Testing AI Agents: How Evals Keep Automation Trustworthy

Most conversations about AI agent evaluation focus on the engineering team. Build a test harness, run a benchmark, ship when green. But if you are the business owner or operations lead signing off on an agent that will handle real customer queries, process real invoices, or route real escalations — the testing question belongs to you too.

This article is about ai agent evaluation as a buyer-side tool: what acceptance criteria to demand before you sign off, and what regression checks should run continuously after go-live to catch the silent failures that emerge over time.

Why “It Worked in the Demo” Is Not a Sign-Off Standard

A demo is a curated run. The agent handles the ten inputs someone already knows it handles well. Production is different: inputs arrive in unexpected formats, users phrase things in ways no one anticipated, connected APIs return edge-case responses, and the underlying language model gets updated by the provider.

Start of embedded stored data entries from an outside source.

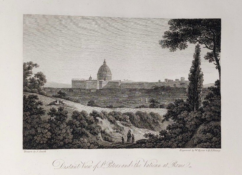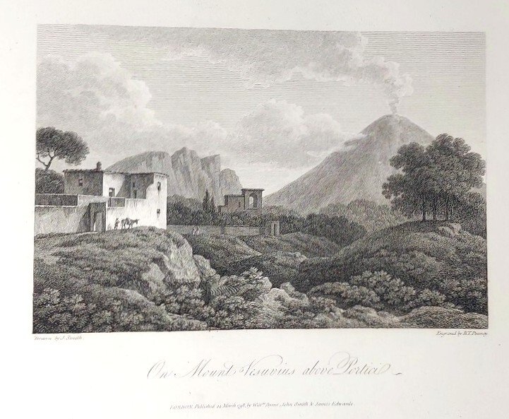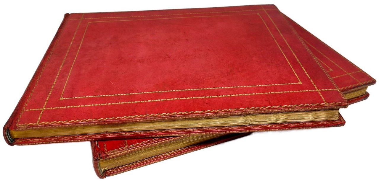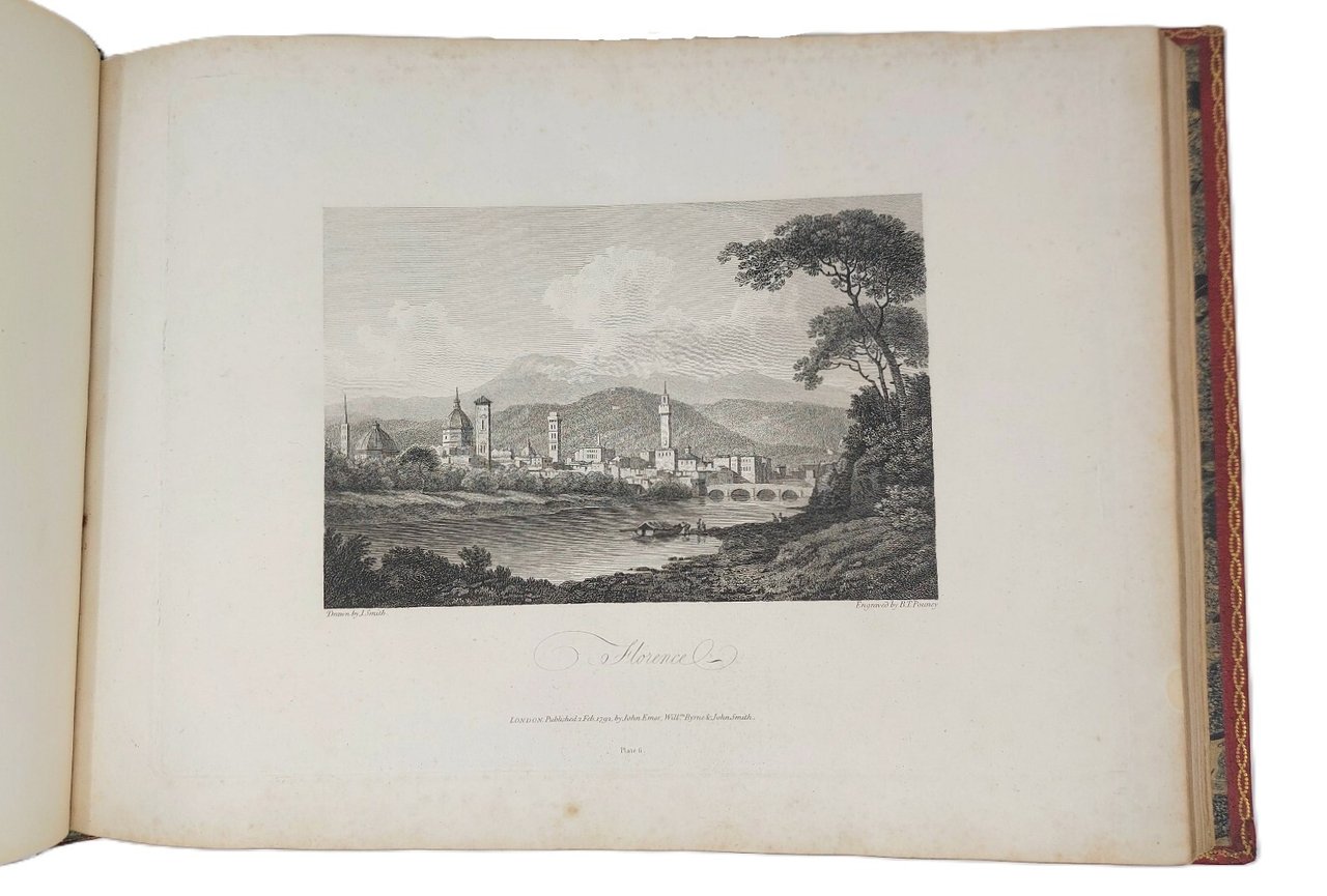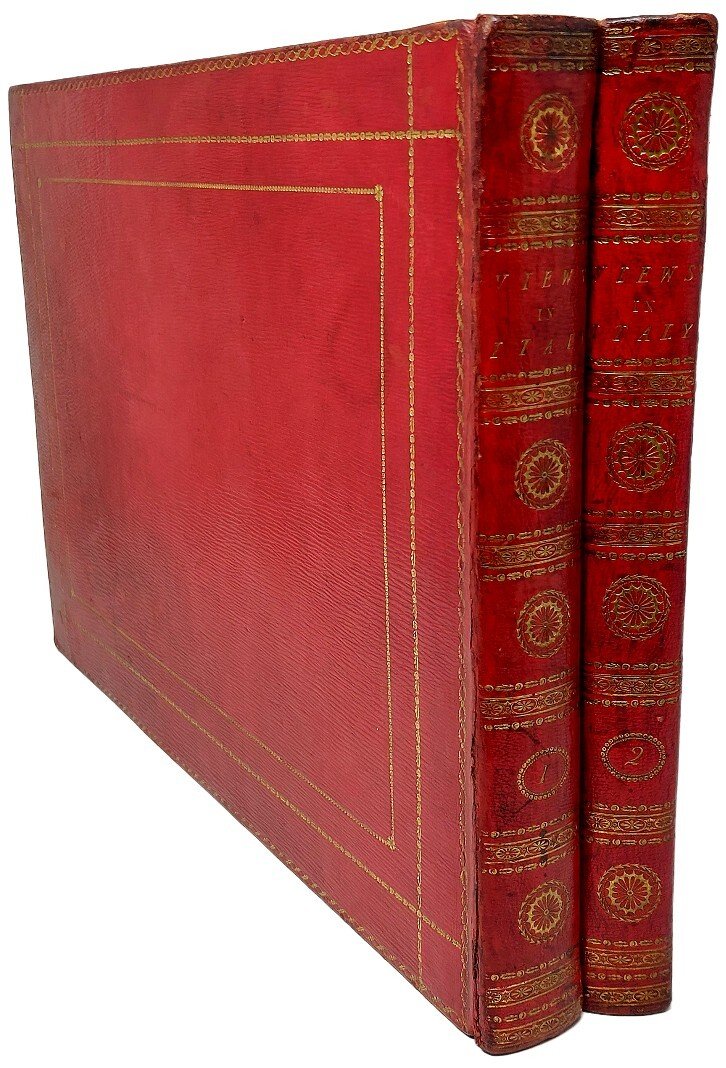 >2 vol. in-4 oblungo (255x353 mm), 2 titoli, dedica incisa alla regina Carlotta, 1 carta d'Italia, 72 tavole incise all'acquaforte da J. Emes, W. Byrne e altri dai disegni di Smith, ognuna accompagnata da 2 fogli di testo a stampa, in francese ed in inglese, con la descrizione località per località del gran tour d'Italia fatto dallo Smith in quegli anni: belle vedute di Bologna, Firenze (varie), Cortona, Perugia, Assisi, Spoleto, Terni, Civita Castellana, Roma (varie), Frascati, Marino, Albano, Nemi, Velletri, Cuma, Pozzuoli, Posillipo, Napoli, Salerno, La Cava, Genova, Volterra, etc. Magnifica legatura in pieno marocchino granata a grana lunga, duplice bordura oro ai piatti, tit. oro e fregi al dorso, tagli dorati (cerniere deboli). Bell'esemplare su carta forte ben conservato nella sua elegante legatura inglese del tempo (lievi e marginali fioriture su alcuni fogli) Cremonini 78.
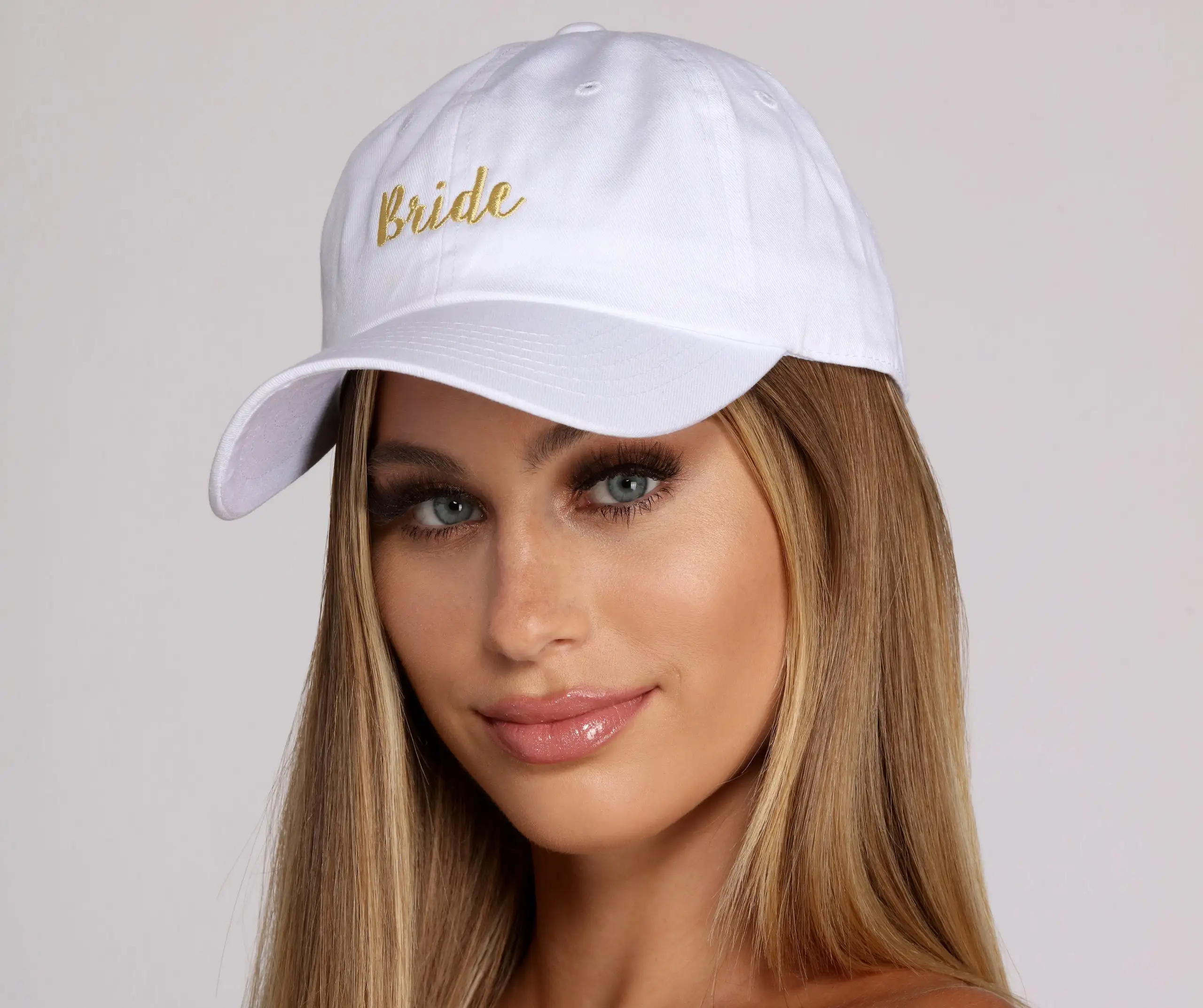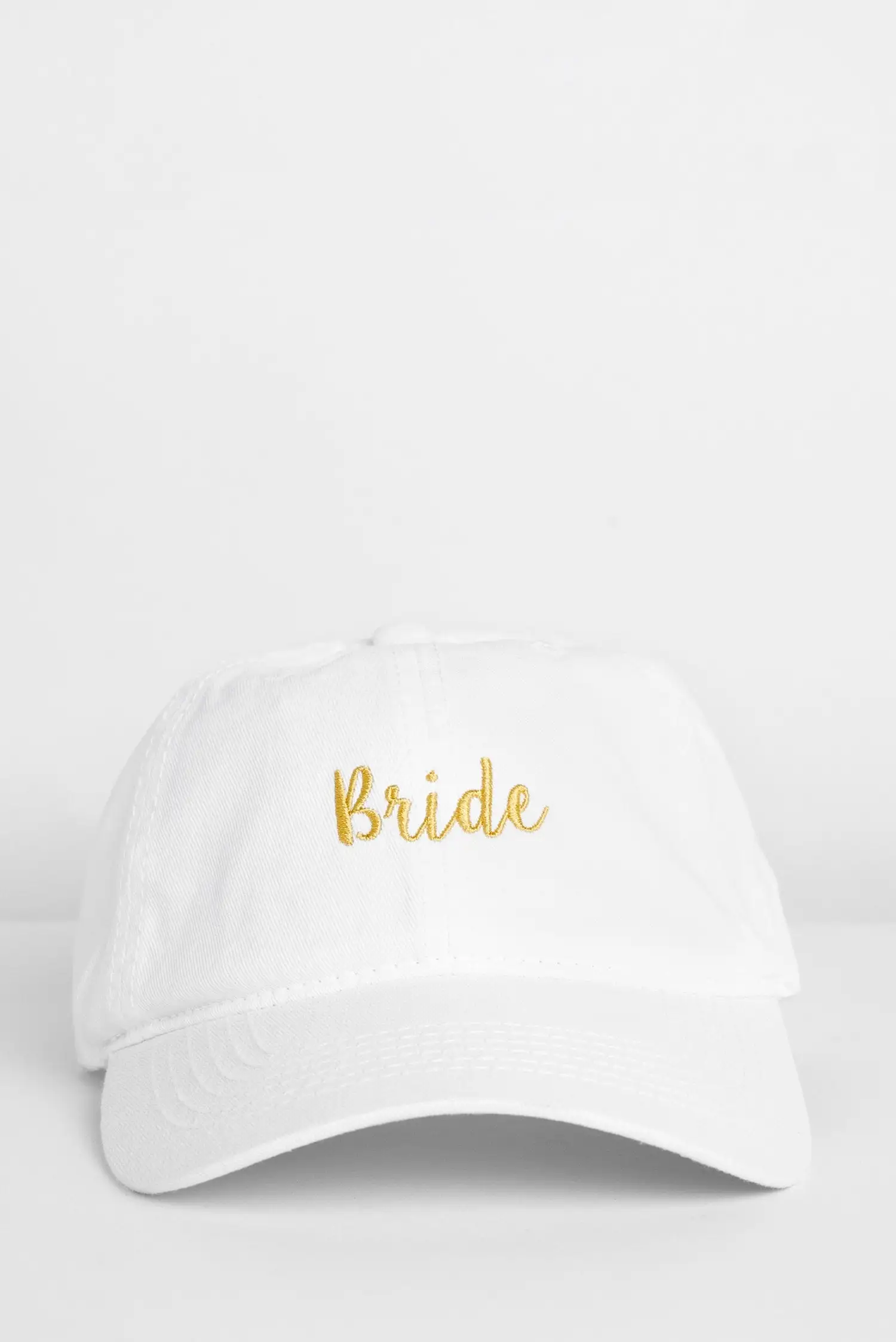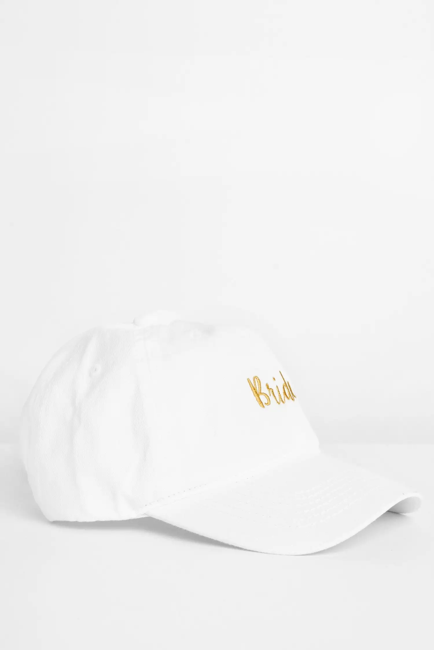 Here comes the bride! Celebrate your special moment with this cap that says it all! It features a white hue, a traditional cap design and a contrasting gold script that reads: “Bride”.
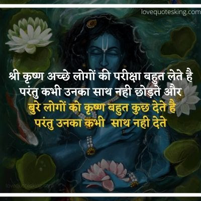 श्री कृष्ण अच्छे लोगों की परीक्षा बहुत लेते है,परंतु कभी उनका साथ नही छोड़ते और बुरे लोगों को कृष्ण बहुत कुछ देते है,परंतु उनका कभी साथ नही देते ।
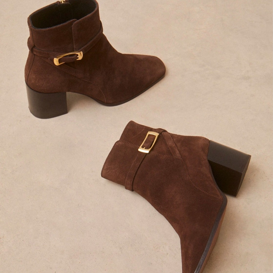 Notre numéro 668 est un véritable bijou. Son talon bloc de 7 cm, gainé de cuir lamellé, élance la silhouette et confère une allure assurée tout en offrant une stabilité parfaite pour un port prolongé.

Each of those events is a potential regression. Without a formal eval suite, the first signal you get is a complaint — or worse, a downstream error you only discover during an audit.

The gap between “works in demo” and “behaves reliably in production” is exactly where most AI agent projects encounter their first serious problems. Evals close that gap systematically rather than hoping nothing changes.

The Three Layers of a Reliable Eval Suite

A well-structured evaluation programme covers three distinct layers. They are not alternatives — you need all three.

1. Functional correctness: does the agent do what it was designed to do?

This layer tests the core task. For a support triage agent, that means: does it correctly classify ticket priority? Does it route to the right team? Does it handle a missing field without crashing?

Concrete acceptance criteria to demand from your vendor:

A defined test set of at least 50–100 representative inputs (more for high-volume workflows), covering normal cases, edge cases, and known failure modes
A target accuracy rate agreed in the SOW — not “best effort”, a number — e.g. ≥92% correct classification on the test set
Documented handling for out-of-scope inputs: what does the agent do when it receives something it was not designed for? Does it fail gracefully or produce a confident wrong answer?

The test set itself should be part of your deliverable. If a vendor cannot show you the test cases, you have no baseline.

2. Tool and integration fidelity: does the agent interact correctly with connected systems?

Agents in production call external tools — CRMs, calendars, databases, payment APIs. Functional correctness in isolation does not guarantee correct behaviour when those integrations are in play.

This layer checks:

Does the agent write data to the right fields, in the right format, under the right conditions?
Does it handle API errors, rate limits, or unexpected response schemas without silently dropping data?
Are there side-effect guardrails — i.e. does the agent refuse to take irreversible actions (delete records, send emails, charge cards) without a human confirmation step where the stakes warrant it?

For complex multi-system workflows, ask your vendor to demonstrate a failure injection test: deliberately return a malformed API response and show you what the agent does. An agent that panics or produces a hallucinated fallback is not production-ready.

3. Behavioural consistency: does the agent behave predictably across varied phrasing and conditions?

Language models are probabilistic. The same semantic intent expressed ten different ways should produce the same outcome. A support agent that correctly handles “I want to cancel my order” but misroutes “please stop my subscription” has a consistency problem that only shows up at scale.

This layer typically involves:

Paraphrase testing: multiple formulations of the same intent
Adversarial inputs: attempts to manipulate the agent into out-of-scope actions
Persona boundary testing: does the agent stay within its defined role, or can a user coax it into unrelated territory?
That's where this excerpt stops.